Frequently asked questions

Quick answers to common questions about this topic.

Should I just auto-generate alt text and publish it?

No — generate a draft automatically, but have a human approve or correct it before it ships. A model removes the blank-page tax that makes alt text get skipped, but it will sometimes be confidently wrong in ways a sighted maintainer never notices and a screen-reader user is actively misled by. Use automation to draft and a person to take responsibility for what actually reaches a reader.

What should good alt text actually say?

What the image communicates in its context, written for a person who cannot see it — not a keyword list and not a literal pixel inventory. The same image can warrant different alt text on different pages because its meaning changes with context. Optimise for the human and the SEO benefit follows, because search engines reward accurate descriptions; optimise for the search engine and you serve neither.

Which parts of image metadata are safe to fully automate?

The mechanical parts: generating meaningful filenames, stripping EXIF and embedded location data, and emitting structured data derived from the approved fields. These need no judgement and the automated result is strictly better than the default.
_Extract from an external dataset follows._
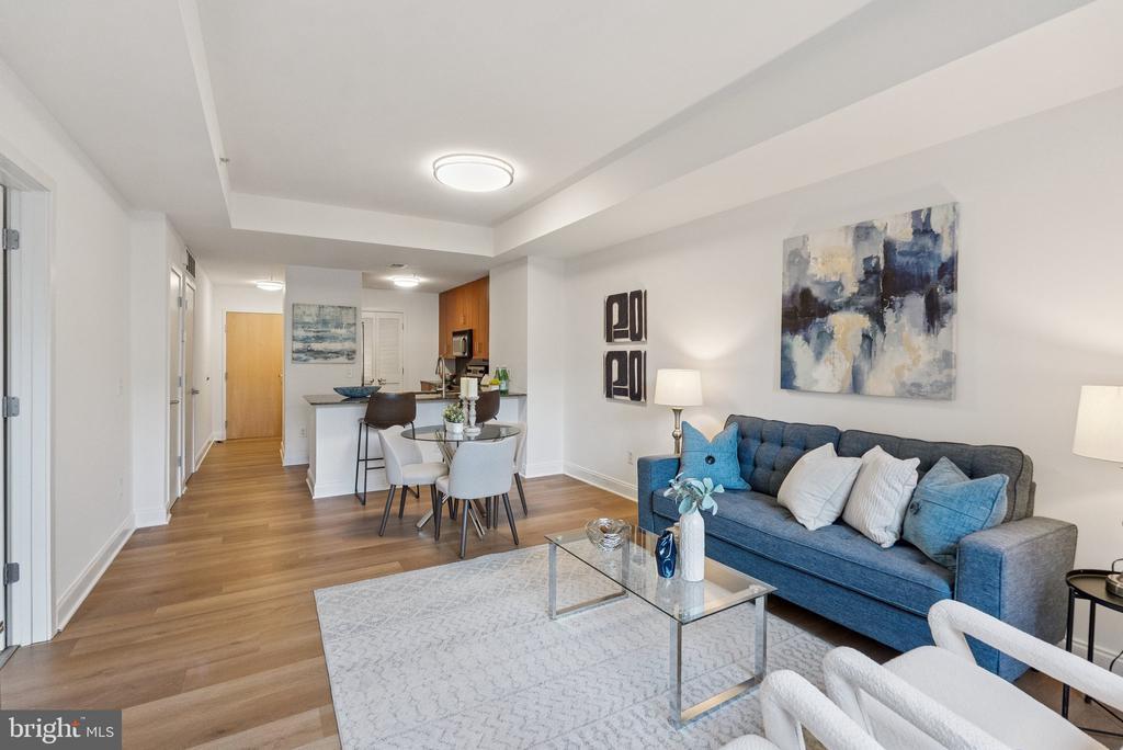 Located just a few blocks from Logan Circle, The Whitman is a luxurious high-rise condominium that boasts an impressive array of amenities and a spacious one-bedroom, one-bathroom layout. As you step inside, you are greeted by a modern kitchen complete with stainless steel appliances and ample storage. Tucked away behind double doors, you will find the coveted stacked washer and dryer. The kitchen's breakfast bar seamlessly flows into the spacious living room, which is filled with natural light streaming through the large picture windows. The large bedroom is located off the living room and features two windows that flood the space with natural light. The renovated ensuite bathroom is accessed through double doors and boasts a generous walk-in closet, as well as a private area for the commode and shower. In addition to offering in-unit laundry and ample storage, this home also includes private garage parking, making it a rare find in DC. The building's amenities are just as impressive, with a rooftop that offers stunning views of the city, lounge areas, a pool, and grills. The gym and welcoming lobby with multiple common spaces are additional perks, and the friendly front desk concierge ensures that your guests will always be greeted kindly and your packages accounted for. The unbeatable location puts some of DC's most popular restaurants, such as All Purpose, Unconventional Diner, and San Lorenzo, just a few blocks away. The DC Convention Center and numerous metro stops are also conveniently located nearby. Don't miss your chance to experience all that DC has to offer from the comfort of this amazing condo at The Whitman. Public record reflects total square footage of 708. All measurements are approximate. Property details and square footage should be independently verified, and not used for property valuation.

Reserve the human checkpoint for the editorial part — the alt text — where being wrong misleads a real person.

Why strip EXIF data from images before publishing?

Because photos carry embedded technical data — camera, timestamp, and often GPS coordinates — that the photographer never meant to publish, and shipping it is a silent privacy leak. It is invisible in normal use, so it only surfaces when someone notices a location pin in a published image. Stripping it is purely mechanical, which makes it an ideal automatic pipeline stage that runs on every image.

How do I stop images from shipping without alt text?

Add a build-time check that fails the deploy if any image is missing non-empty alt text, naming the specific image so the fix is immediate. The pipeline handles new images well, but the gate is the backstop that catches anything added outside the flow or any stage that silently failed — turning “we try to remember alt text” into “the site cannot deploy without it.”